Different parts of our brain store different memories. Implicit memories, for example, live in the basal ganglia and cerebellum, while short-term memories kick it in the prefrontal cortex. Explicit memories of personal experiences or general facts — the focus of this study — are stored in the brain’s hippocampus, neocortex, and amygdala.

Previous research has shown that explicit memories aren’t stored in the brain before the age of three-and-a-half. “The process underlying the ability to form autobiographical memories are functional by the 3rd year of life,” the scientists write. Now, however, “other factors, including sociolinguistic development, may further lengthen the period in which full autobiographical memories form.”

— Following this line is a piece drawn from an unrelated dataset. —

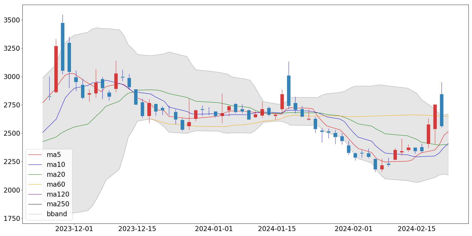 | 단순이동평균 | 2,515.00 | 2,409.00 | 2,396.75 |
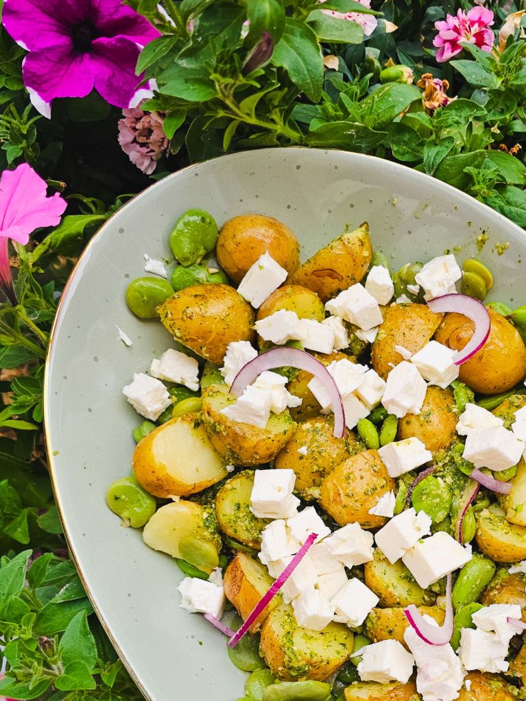 Kolejna sałatka z młodymi ziemniakami w roli głównej – tym razem z polską pistacją, czyli bobem, i kremową fetą. Można podawać osobno lub jako dodatek do dania (u mnie w towarzystwie pieczonego łososia). Inspiracją jest przepis Rozkosznego, z małymi modyfikacjami.

Do you really remember your childhood dog? Probably not.

Pixabay

In other words, the scientists think you need to be able to successfully communicate to encode a memory. The reason the study participants think they have memories from their first two years of life is because they’re likely recalling memory fragments, then filling in the rest of the information with stories they’ve heard, pictures they’ve seen, and imagined facts. Over time, the scientists explain, these false memories begin to feel real.

“We suggest that what a rememberer has in mind when recalling fictional improbably early memories is an episodic-memory-like mental representation consisting of remembered fragments of early experience and some facts or knowledge about their own infancy,” explains first author and University of Bradford research associate Shazia Akhtar, Ph.D. . “Such episodic-memory-like mental representations come, over time, to be re-collectively experienced when they come to mind and so, for the individual, they quite simply are ‘memories’ which particularly point to infancy.”

In their much-maligned hit “Photograph,” Nickelback sings: “Every memory of lookin’ out the back door/I have a photo album spread out on my bedroom floor.” Sometimes, the memories you think you have are the recalling of photographs and not real events — which is something Canadian rockers and scientists can stand by.